UCF’s Yang Yang has invented a groundbreaking device that captures and converts carbon dioxide into valuable fuels and chemicals, inspired by the lotus leaf’s hydrophobic properties. This novel tech could dramatically reduce industrial emissions.
In a breakthrough blend of nature and technology, Yang Yang, an associate professor at the University of Central Florida’s NanoScience Technology Center, has crafted a novel device capable of capturing carbon dioxide emissions and transforming them into valuable fuels and chemicals. This innovative technology offers a promising solution to lessen industrial carbon footprints and foster sustainable energy production.
Yang’s device, detailed in the Journal of the American Chemical Society, revolves around a sophisticated use of materials including a tin oxide film and a fluorine layer. The device captures carbon dioxide with a micro surface similar to that of lotus leaves, utilizing a bubbling electrode to convert CO2 into crucial raw materials like carbon monoxide and formic acid.
“We want to create a better technology to make our world better and cleaner,” said Yang in a news release. “Too much carbon dioxide will have a greenhouse effect on the Earth and will heat it up very quickly.

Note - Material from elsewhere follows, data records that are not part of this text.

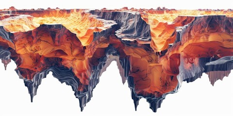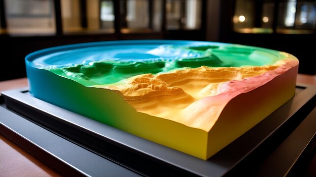 geology mineral tectonic concept. 3D topographic model showcasing mountains and water features in intricate detail.
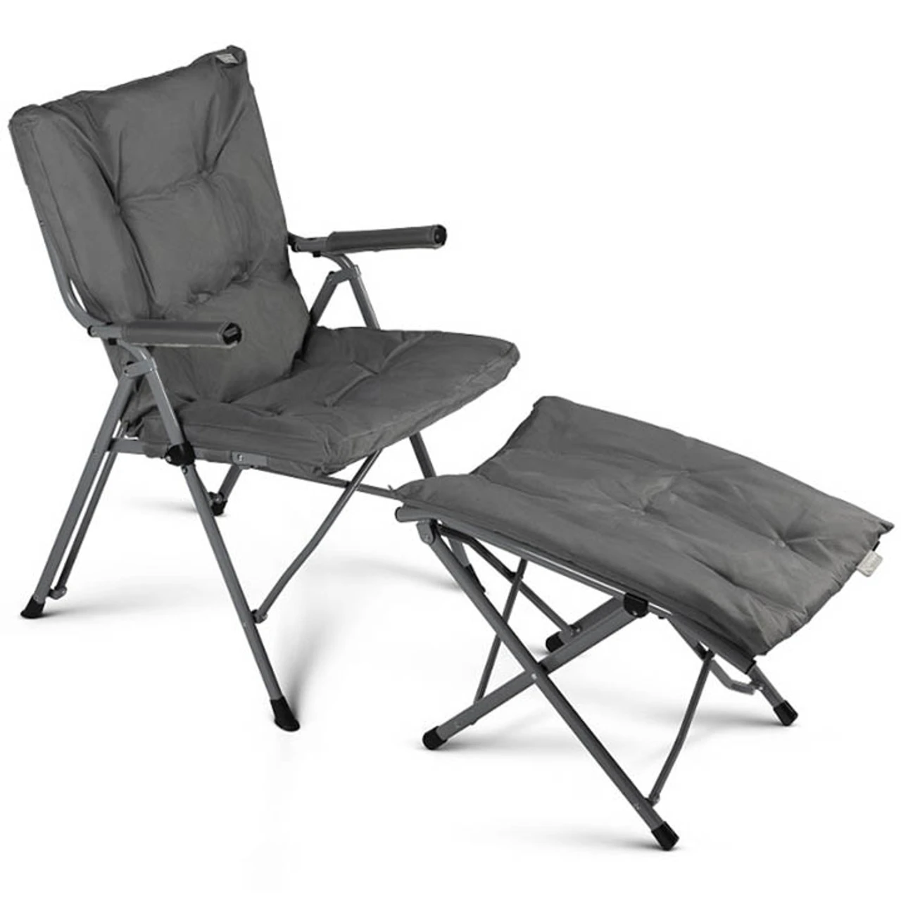 Sit back and relax in comfort with the a Kampa Dometic Chief camp chair. This oversized padded camp chair is available with an optional matching foot stool. The Kampa Chief chair folds down for easy transportation and storage. Includes carry bag.
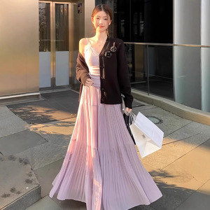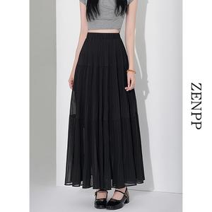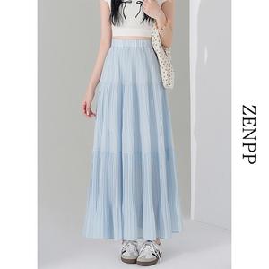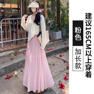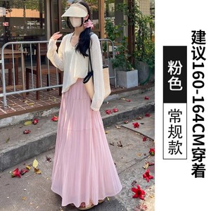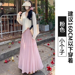 パープルシフォンスカート レディース 夏 ハイウエスト 細見え アンブレラスカート 小柄さん向け 万能プリーツAラインスカート ミディアム丈 A4358
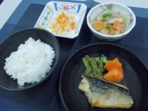 夕食 ご飯 鯖の和風ムニエル 大根の煮物 キャベツの和え物
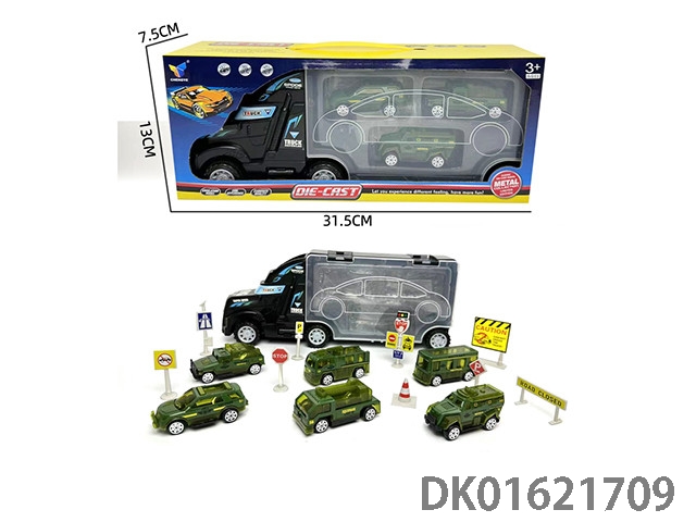惯性货柜拖头+3只合金军事车(带路标)

It’s the motivation for why we want to develop this new material to grab and convert it into chemicals we can use.”
The core of this technology’s ingenuity lies in its lotus-inspired hydrophobic surface, which effectively manages water to ensure efficient CO2 capture and conversion. The lotus leaf, known for repelling water, provided the natural blueprint for this highly efficient system. This thoughtful design prevents the flooding of catalytic materials, thereby optimizing the conversion process.
“We as scientists always learn from nature,” Yang added. “We want to see how the animals and the trees work. For this work, we learned from the lotus.”
The device’s impact is far-reaching, with potential applications at power plants, industrial facilities and chemical production sites. By converting CO2 emissions into useful products, this technology aligns with global efforts to combat climate change.
The device transforms carbon dioxide into various chemicals, such as methanol, methane, ethylene, ethanol, acetate and propanol. This is achieved through the electrocatalytic carbon dioxide reduction reaction, which customizes the conversion based on different catalyst reaction pathways.
“We just reduce the concentration of carbon dioxide in the air and convert it in the liquid and gas phase so we can directly use those converted chemicals and fields for other applications,” Yang added.